Take the entries that follow and return exactly the lines from the one holding "- currency converter: euro, british" through the one holding "- Handmade British", both included. Nothing else is needed.

RECORD EXTRACTS:
──────────────────────────────

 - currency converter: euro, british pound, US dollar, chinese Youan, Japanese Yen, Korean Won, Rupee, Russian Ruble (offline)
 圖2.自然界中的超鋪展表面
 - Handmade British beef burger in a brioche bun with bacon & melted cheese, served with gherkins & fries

──────────────────────────────

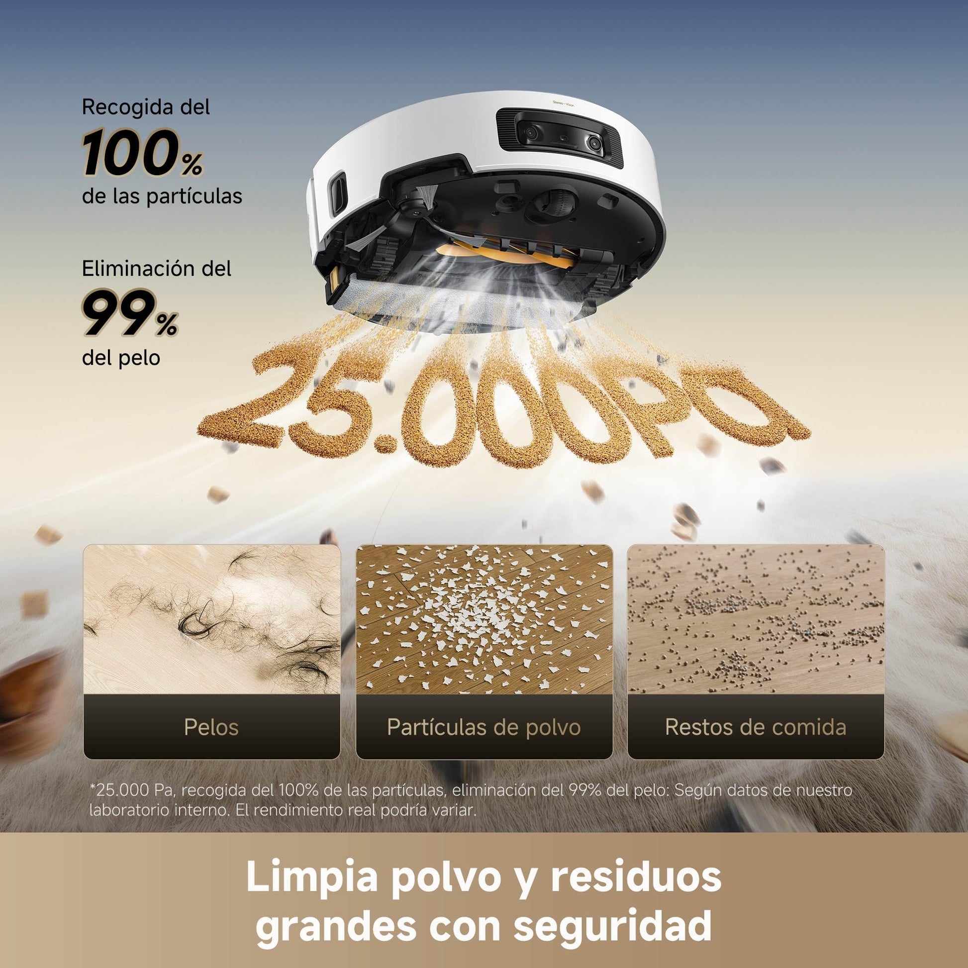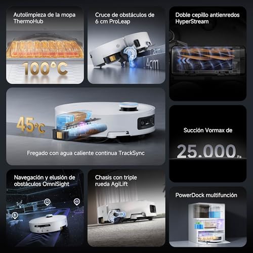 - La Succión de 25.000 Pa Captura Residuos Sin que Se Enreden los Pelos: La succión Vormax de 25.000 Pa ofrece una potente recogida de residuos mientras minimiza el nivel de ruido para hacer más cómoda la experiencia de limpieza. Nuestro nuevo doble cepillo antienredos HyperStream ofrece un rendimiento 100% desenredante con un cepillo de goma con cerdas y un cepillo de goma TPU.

──────────────────────────────

REPLY:
 - currency converter: euro, british pound, US dollar, chinese Youan, Japanese Yen, Korean Won, Rupee, Russian Ruble (offline)
 圖2.自然界中的超鋪展表面
 - Handmade British beef burger in a brioche bun with bacon & melted cheese, served with gherkins & fries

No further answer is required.